Enhancing Automated Audio Captioning via Large Language Models with Optimized Audio Encoding
Jizhong Liu, Gang Li, Junbo Zhang, Heinrich Dinkel, Yongqing Wang, Zhiyong Yan, Yujun Wang, Bin Wang
TL;DR
The paper tackles automated audio captioning (AAC) by addressing three bottlenecks: encoder token efficiency, decoder capability for long, multi-event audio, and data quality limitations.
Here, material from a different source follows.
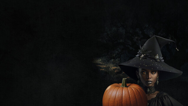 An afroamerican halloween witch with a pumpkin

It introduces LOAE, an end-to-end system that uses a Consistent Ensemble Distillation (CED) encoder with LoRA, a Q-Former to bridge to a frozen Llama 2 7B decoder with LoRA, and a post-corrector LLM to fix errors from annotation gaps, all trained with cross-entropy. Key contributions include (i) reducing acoustic token counts via a $17:1$ compression and using $64$-dimensional Mel-filterbanks, (ii) grounding the decoder in a large multilingual model (Llama 2, $7B$) fine-tuned with LoRA, and (iii) leveraging a post-corrector to improve linguistic quality. The approach achieves a $33.0$ SPIDEr-FL score, outperforming the DCASE 2023 Task 6A winner, and demonstrates the effectiveness of LoRA and post-correction in making LLM-based AAC practical and scalable for long-form audio descriptions.
Abstract
Automated audio captioning (AAC) is an audio-to-text task to describe audio contents in natural language. Recently, the advancements in large language models (LLMs), with improvements in training approaches for audio encoders, have opened up possibilities for improving AAC. Thus, we explore enhancing AAC from three aspects: 1) a pre-trained audio encoder via consistent ensemble distillation (CED) is used to improve the effectivity of acoustic tokens, with a querying transformer (Q-Former) bridging the modality gap to LLM and compress acoustic tokens; 2) we investigate the advantages of using a Llama 2 with 7B parameters as the decoder; 3) another pre-trained LLM corrects text errors caused by insufficient training data and annotation ambiguities. Both the audio encoder and text decoder are optimized by low-rank adaptation (LoRA). Experiments show that each of these enhancements is effective. Our method obtains a 33.0 SPIDEr-FL score, outperforming the winner of DCASE 2023 Task 6A.